■ **Aim of the exercise**:
Begin with the line that holds "A woman in a" and repeat each line after it exactly, ending with the last line of the listing.

■ **Supplied records**:
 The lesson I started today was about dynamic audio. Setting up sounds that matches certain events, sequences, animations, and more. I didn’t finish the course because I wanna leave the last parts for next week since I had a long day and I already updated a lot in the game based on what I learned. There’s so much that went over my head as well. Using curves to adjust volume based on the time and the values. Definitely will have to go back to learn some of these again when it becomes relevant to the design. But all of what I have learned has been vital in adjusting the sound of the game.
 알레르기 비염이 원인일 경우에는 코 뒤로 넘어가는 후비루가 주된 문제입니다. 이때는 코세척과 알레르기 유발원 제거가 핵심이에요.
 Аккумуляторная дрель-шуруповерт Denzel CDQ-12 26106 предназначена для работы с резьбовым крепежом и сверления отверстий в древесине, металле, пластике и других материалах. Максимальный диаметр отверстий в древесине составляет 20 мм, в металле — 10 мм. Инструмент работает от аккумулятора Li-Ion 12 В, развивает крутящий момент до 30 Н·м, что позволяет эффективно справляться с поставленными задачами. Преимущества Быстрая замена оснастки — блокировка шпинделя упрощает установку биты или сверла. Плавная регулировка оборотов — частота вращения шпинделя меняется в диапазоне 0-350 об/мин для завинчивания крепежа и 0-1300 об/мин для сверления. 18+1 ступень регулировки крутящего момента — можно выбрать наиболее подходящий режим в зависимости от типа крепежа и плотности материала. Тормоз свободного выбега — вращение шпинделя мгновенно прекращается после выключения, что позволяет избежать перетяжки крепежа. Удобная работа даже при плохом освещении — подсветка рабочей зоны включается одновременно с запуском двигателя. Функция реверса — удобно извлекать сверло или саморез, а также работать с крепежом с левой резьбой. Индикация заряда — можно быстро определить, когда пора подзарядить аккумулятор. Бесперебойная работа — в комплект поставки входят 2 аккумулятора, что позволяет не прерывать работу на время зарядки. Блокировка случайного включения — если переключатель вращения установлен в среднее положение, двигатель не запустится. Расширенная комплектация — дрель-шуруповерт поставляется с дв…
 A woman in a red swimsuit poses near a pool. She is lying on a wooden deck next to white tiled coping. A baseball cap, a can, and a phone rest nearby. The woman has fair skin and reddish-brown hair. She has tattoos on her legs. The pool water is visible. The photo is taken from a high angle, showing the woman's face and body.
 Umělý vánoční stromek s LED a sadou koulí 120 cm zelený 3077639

■ **Expected answer**:
 A woman in a red swimsuit poses near a pool. She is lying on a wooden deck next to white tiled coping. A baseball cap, a can, and a phone rest nearby. The woman has fair skin and reddish-brown hair. She has tattoos on her legs. The pool water is visible. The photo is taken from a high angle, showing the woman's face and body.
 Umělý vánoční stromek s LED a sadou koulí 120 cm zelený 3077639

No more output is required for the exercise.